Tips for weekend warriors: preventing back and neck injuries
As an athlete, you know all too well that taking care of yourself is the #1 most important factor of success. No weekend warrior can win without putting his or her health first. Why let a preventable neck or back injury keep you from scaling every Kilimanjaro and all the amazing scenic trails to run?
Back and neck injuries, along with severe neck and back pain, are some of the most common issues that athletes and fitness enthusiasts face.
Common back and neck injuries
Muscles strains and ligament sprains – some of the most common injuries that can be caused by heavy training, improper techniques, insufficient stretching, and trauma.

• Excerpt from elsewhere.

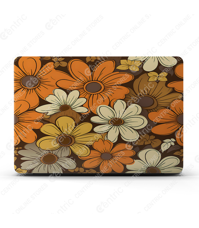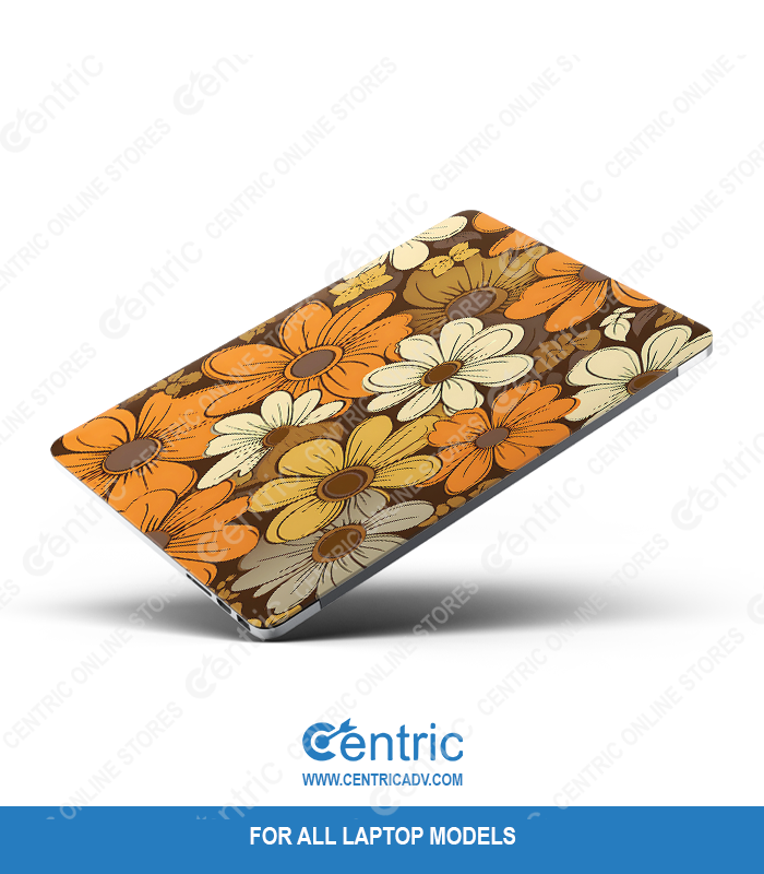 Custom-fit vinyl laptop skin with retro floral design

Cracks and stress fractures in the vertebrae – often experienced by athletes who practice sports that require intense twisting or hyperextension of the spine, like gymnastics.
Stingers – injuries to the nerves around the neck and shoulder most often occurring with contact and collision sports like football. (North American Spine Society)
If you are having problems with neck injury or back injury, the physicians at Baldwin Bone and Joint can help. We are experts on sports medicine with extensive education in the musculoskeletal system, trusted by several athletic teams in the state, including the University of South Alabama Jaguars.
Injuries can put you out of commission for awhile, meaning you’ll be stuck at home instead of out and about basking in the sun, so here are a few tips from us help you prevent them:
Do this and you’ll reduce the risk of neck and back pain
1. Warm up – Loosen your joints and get your blood flowing to the muscles. A warm up session before you start your workout will help prevent injuries by improving flexibility. Since most of us are tied to sedentary 9-5 desk jobs, you’ll need to warm up your spine by moving it in ways that it’s not used to before you start exercising. It really only takes a few minutes to get your spine ready for a great workout.
2. Strengthen the core – If your abdominal muscles are weak, it means that back muscles are working extra hard to support the spine, and the extra burden can cause back pain. A stronger core will reduce the strain on back muscles and reduce the risk of back pain.
3. Make sleep a priority – Your spine needs to rest just like the rest of your body. Make sure you are getting a good eight hours of sleep every night so that you can give your neck and back some much needed time off.
4. Choose the sport that fits you best – If you have a past or ongoing issue with neck pain or back pain, you may want to consult your doctor on the best sport to play. Some sports that require intense twists or jumping (think about making a slam dunk) may not be the most ideal. Other alternatives like swimming or skiing could actually be fun and exciting, yet safe to practice.